Note that this property is lock centric: we can maintain a set of states for each lock: those states that concern only that lock. This is the idea in indexing. We can use the lock id as key in a mapping from keys to sets of states. This is done by overriding the key method in the Monitor class (something the user has to do explicitly). This method has the type:

def key(self, event: Event) -> Optional[object]

This function takes an event as argument and returns an optional index of type object (any index can be used). It's default return value is None. The function can be overridden as follows for our example (note that it may be a good idea to separate out the definition of key from the actual monitor: we achive modularity and potential reuse of the key function for other monitors):

class LockMonitor(Monitor):
    def key(self, event) -> Optional[object]:
        match event:
            case Acquire(_, lock):
                return lock
            case Release(_, lock):
                return lock
            case ReleaseAll():
                return None

The key method here extracts the lock from the event and turns it into the key. This now means that all events concerning a specific lock are fed to only those states concerned with that lock. Note that ReleaseAll is mapped to None. This has as effect that this event is sent to all states, independent of their key.
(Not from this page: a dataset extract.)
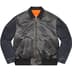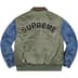 Water resistant nylon flight satin twill with fill and full zip closure. Cowhide leather collar and cotton denim sleeves. Snap flap hand pockets at lower front and interior snap pockets. Tab adjusters at cuffs and knit rib hem. Logo appliqué at back. Enamel pin included. Made by Alpha industries exclusively for Supreme.

This is exaxtly what we want: all locks should be released.

One should be careful with the definition of the key method (similarly to how one has to be careful when defining the method hashCode and equals in Java).
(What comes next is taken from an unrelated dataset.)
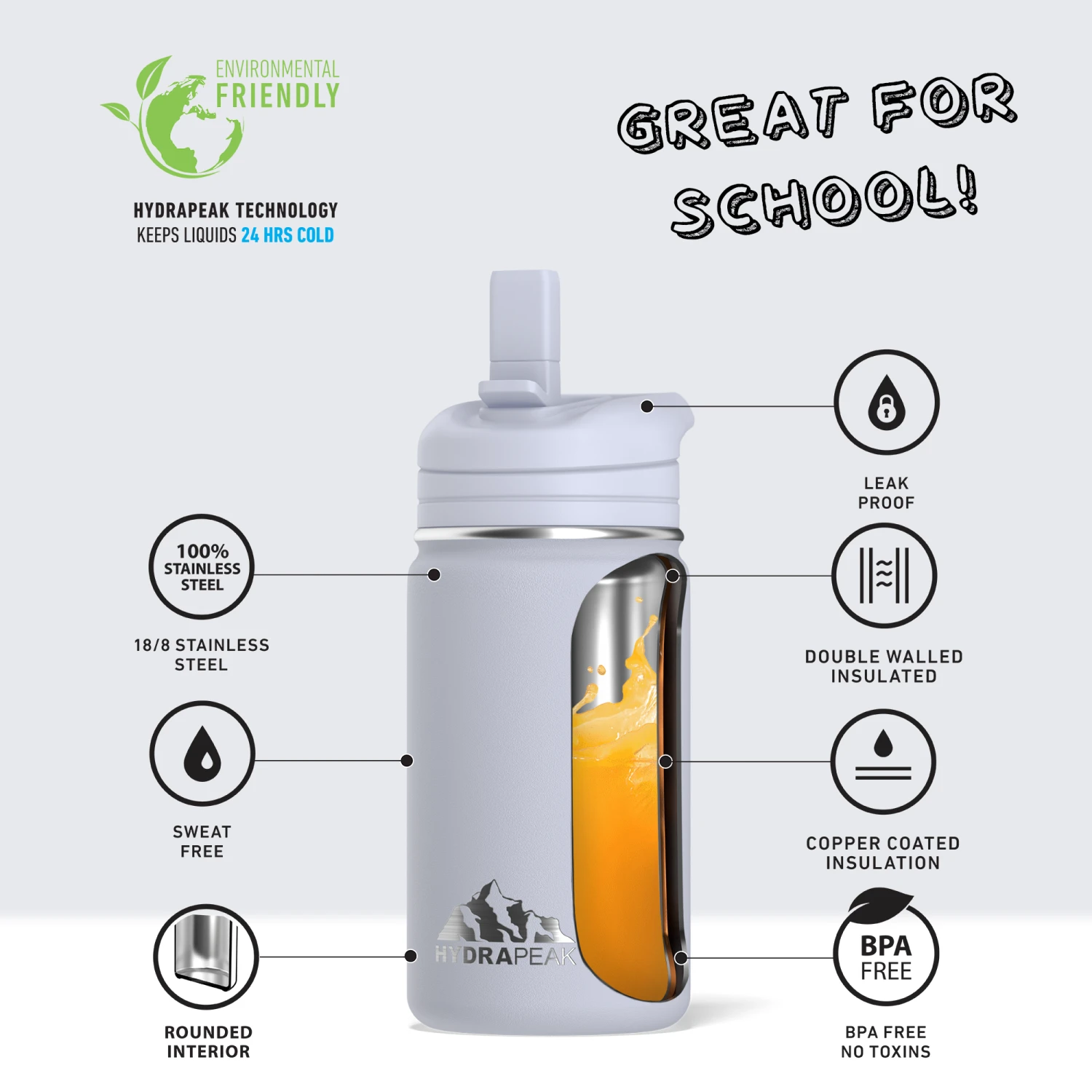 - ALL DAY INSULATION; Hydrapeak’s insulated kids water bottle will keep your beverages cold for up to 24 hours, making it the perfect on the go kids thermos water bottle. Use it for water, juice, smoothies, or any other of your childs favorite drinks

The monitor itself now becomes as follows, extending the LockMonitor class. It is the same as before, except for extending the LockMonitor class and addition of ReleaseAll as a way of releasing all locks.

class AcquireRelease(LockMonitor): # <--- extending LockMonitor
    def transition(self, event):
        match event:
            case Acquire(thread, lock):
                return self.Locked(thread, lock)

    @data
    class Locked(HotState):
        thread: str
        lock: int

        def transition(self, event):
            match event:
                case Acquire(_, self.lock):
                    return error('lock re-acquired')
                case ReleaseAll() | Release(self.thread, self.lock): <--- ReleaseAll
                    return ok

The way indexing works is that on the arrival of an event there are two scenarios:

  1. the key of the event is None. In this case the event is applied to the main set of states and to all the indexed states (if there are any).
  2. the key of the event is not None. In this case there are two sub-cases:
  • the key has not been encountered before. In this case the event is applied to each state in the main set. The resulting set of states is then stored in the hash table with the key as index. The main set is not updated.
  • the key has been encountered before. In this case there is an entry in the hashmap and the event is applied to the states in the corresponding state set.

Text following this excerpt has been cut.